Transfer Learning (8): Multimodal Transfer
Derive contrastive learning (InfoNCE), CLIP's vision-language pretraining, BLIP's Q-Former bridge to LLMs, cross-modal alignment, and multimodal fusion strategies. Includes a from-scratch CLIP implementation in PyTorch.
How can a model classify an image of a Burmese cat correctly without ever having seen a label “Burmese cat”? Traditional supervised learning needs millions of labeled examples per class. CLIP, released by OpenAI in 2021, sidesteps that constraint entirely: it learns to put images and natural-language descriptions into the same vector space, and then “classification” reduces to picking which sentence — out of any candidate sentences you write down — sits closest to the image.

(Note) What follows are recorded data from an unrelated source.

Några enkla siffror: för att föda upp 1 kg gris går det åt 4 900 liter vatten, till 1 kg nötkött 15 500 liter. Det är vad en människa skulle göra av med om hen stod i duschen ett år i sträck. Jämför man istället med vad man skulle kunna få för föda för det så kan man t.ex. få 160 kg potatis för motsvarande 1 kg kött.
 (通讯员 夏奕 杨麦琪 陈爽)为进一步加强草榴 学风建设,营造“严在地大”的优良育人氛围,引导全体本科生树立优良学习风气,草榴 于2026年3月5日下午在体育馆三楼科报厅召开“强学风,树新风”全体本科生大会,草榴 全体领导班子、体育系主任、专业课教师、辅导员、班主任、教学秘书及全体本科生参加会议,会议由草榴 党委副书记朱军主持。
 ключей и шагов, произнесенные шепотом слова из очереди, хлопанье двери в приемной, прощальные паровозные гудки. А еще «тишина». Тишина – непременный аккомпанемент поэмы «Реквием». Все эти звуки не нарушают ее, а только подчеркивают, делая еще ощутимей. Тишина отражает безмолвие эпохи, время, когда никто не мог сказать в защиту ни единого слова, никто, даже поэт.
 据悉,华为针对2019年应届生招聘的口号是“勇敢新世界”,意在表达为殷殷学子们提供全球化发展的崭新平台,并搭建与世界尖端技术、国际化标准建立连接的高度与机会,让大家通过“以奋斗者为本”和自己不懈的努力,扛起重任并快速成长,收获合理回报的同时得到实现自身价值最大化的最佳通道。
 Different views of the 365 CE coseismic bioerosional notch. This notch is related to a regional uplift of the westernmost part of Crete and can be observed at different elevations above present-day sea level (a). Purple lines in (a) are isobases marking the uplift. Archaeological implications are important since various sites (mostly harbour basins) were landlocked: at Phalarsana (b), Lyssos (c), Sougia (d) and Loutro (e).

The trick is not architecture. The trick is supervision. CLIP scraped 400 million (image, alt-text) pairs from the web and trained a contrastive objective: for every image, its true caption should be more similar than the captions paired with the other images in the batch. That single constraint, applied at scale, is enough to align two modalities so well that downstream tasks — zero-shot classification, retrieval, captioning prompting — fall out almost for free.
This post derives the math behind that alignment, walks through CLIP and its successor BLIP-2, compares the three families of fusion strategies, and ends with a from-scratch CLIP implementation in PyTorch.
What you will learn
- The InfoNCE loss as mutual-information maximization, and the role of temperature $\tau$
- CLIP’s dual-encoder design and zero-shot classification protocol
- BLIP / BLIP-2: the Q-Former bridge that connects a frozen ViT to a frozen LLM
- Cross-modal retrieval ($R@K$), captioning, VQA, and visual grounding
- Three fusion strategies: early, late, and cross-attention — when to use which
- A 100-line CLIP implementation that you can train
Prerequisites
- Neural network training in PyTorch
- Cosine similarity, softmax, cross-entropy
- Transfer learning fundamentals (Parts 1–6)

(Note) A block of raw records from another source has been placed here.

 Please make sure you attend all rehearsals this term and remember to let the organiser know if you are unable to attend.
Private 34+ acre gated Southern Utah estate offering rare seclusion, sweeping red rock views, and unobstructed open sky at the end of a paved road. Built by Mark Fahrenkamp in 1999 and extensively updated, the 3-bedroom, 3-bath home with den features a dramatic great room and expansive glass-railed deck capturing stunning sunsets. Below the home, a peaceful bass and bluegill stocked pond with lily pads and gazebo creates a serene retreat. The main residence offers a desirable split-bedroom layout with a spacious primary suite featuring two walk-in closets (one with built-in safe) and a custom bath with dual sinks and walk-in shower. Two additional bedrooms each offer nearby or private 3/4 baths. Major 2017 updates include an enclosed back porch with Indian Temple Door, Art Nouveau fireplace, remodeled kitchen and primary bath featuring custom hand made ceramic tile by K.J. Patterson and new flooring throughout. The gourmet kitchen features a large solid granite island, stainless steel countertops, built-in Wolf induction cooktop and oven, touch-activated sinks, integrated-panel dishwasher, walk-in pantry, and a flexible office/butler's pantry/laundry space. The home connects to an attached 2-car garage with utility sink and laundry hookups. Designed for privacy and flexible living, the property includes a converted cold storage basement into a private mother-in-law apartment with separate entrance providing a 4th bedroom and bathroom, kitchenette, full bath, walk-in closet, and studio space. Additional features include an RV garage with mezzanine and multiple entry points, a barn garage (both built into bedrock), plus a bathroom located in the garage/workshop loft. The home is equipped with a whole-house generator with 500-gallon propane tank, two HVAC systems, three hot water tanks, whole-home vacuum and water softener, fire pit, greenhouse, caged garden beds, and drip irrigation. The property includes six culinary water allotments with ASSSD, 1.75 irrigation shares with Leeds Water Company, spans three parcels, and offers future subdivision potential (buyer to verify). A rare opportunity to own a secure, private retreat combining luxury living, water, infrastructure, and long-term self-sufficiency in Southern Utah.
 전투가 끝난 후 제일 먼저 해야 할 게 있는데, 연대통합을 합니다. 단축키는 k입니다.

1. CLIP: a dual-encoder vision-language model
CLIP has only two moving parts: an image encoder $f_v$ (ViT or ResNet) and a text encoder $f_t$ (Transformer). Both project to a shared $d$-dimensional space and L2-normalize, so similarity is just a dot product on the unit hypersphere.

Two design choices carry almost all of CLIP’s power:
- No classification head. Output is an embedding vector, not a logit over a fixed label set. The model never commits to “1000 ImageNet classes”, so it is free to be applied to any concept that can be written as text.

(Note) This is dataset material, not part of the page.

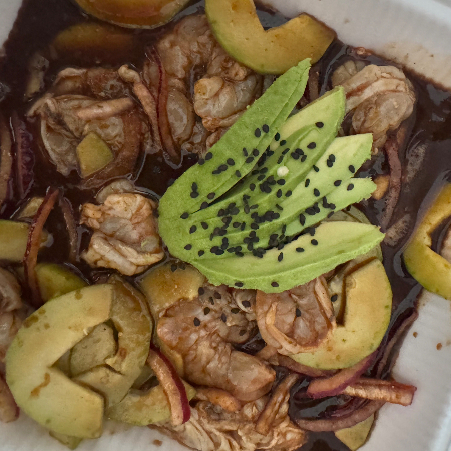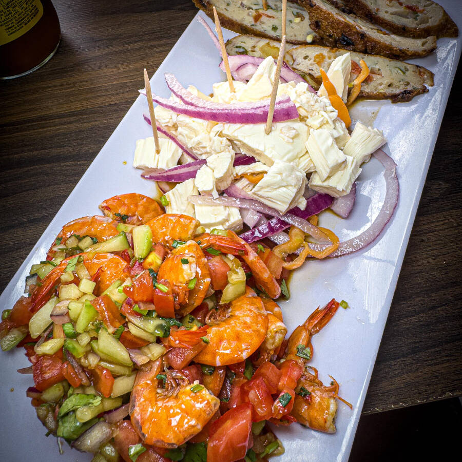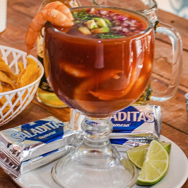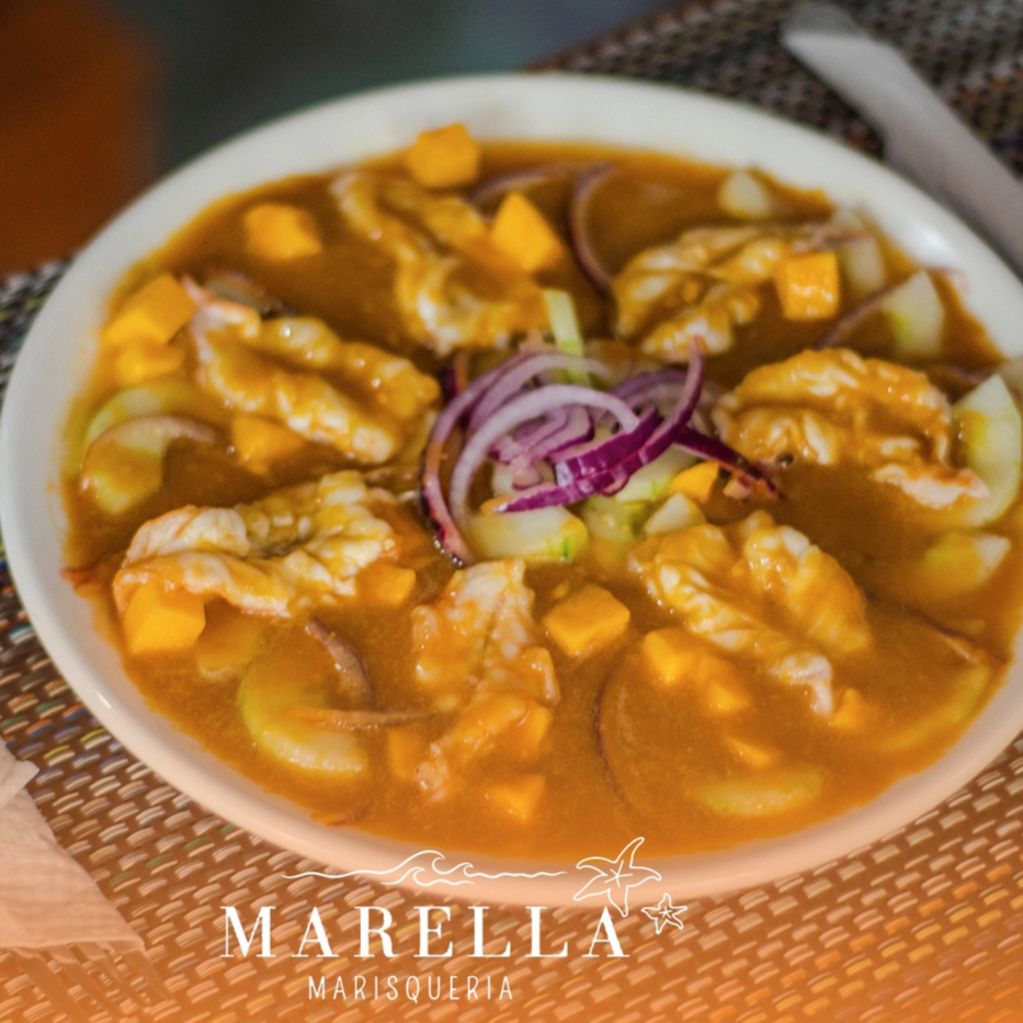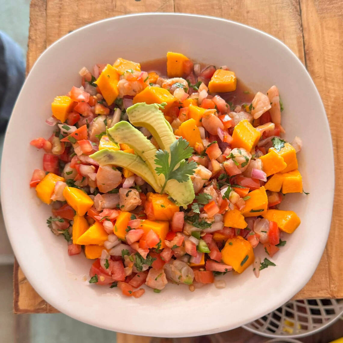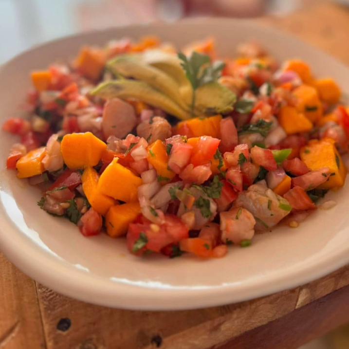 Deliciosa preparación de tomate, cebolla, cilantro, camarón y mango, bañada con nuestra mezcla de salsas y limón.

- Symmetric contrastive loss. Image-to-text and text-to-image are trained simultaneously. The encoder doesn’t learn an asymmetric skill (e.g. “describe this image”); it learns a bidirectional alignment, which is exactly what zero-shot classification and retrieval both need.
Zero-shot classification protocol
Given an image and $K$ candidate classes:
- Wrap each class name in a prompt template:
"a photo of a {class}". - Encode the image once and all $K$ prompts once.
- Pick the class whose text embedding has the highest cosine similarity to the image embedding.
That’s it. No gradient descent on the target task, no labeled examples — just $K$ class names. CLIP achieves 76% top-1 on ImageNet this way, comparable to a fully supervised ResNet-50 trained on ImageNet’s 1.28M labels.
| Aspect | Supervised classifier | CLIP zero-shot |
|---|---|---|
| Labels needed | One per training image | None at deployment |
| Output space | Fixed $K$ classes | Any text |
| New class cost | Retrain or fine-tune | Add a new prompt |
| Web-scale data | Manually curated | Naturally exists |
2. Contrastive learning: the math behind alignment
For a batch of $B$ image-text pairs $\{(\mathbf{v}_i, \mathbf{t}_i)\}$, all $B \times B$ pairwise similarities form a matrix. The diagonal entries are positives (true pairs); the off-diagonal entries are negatives (mismatched pairs).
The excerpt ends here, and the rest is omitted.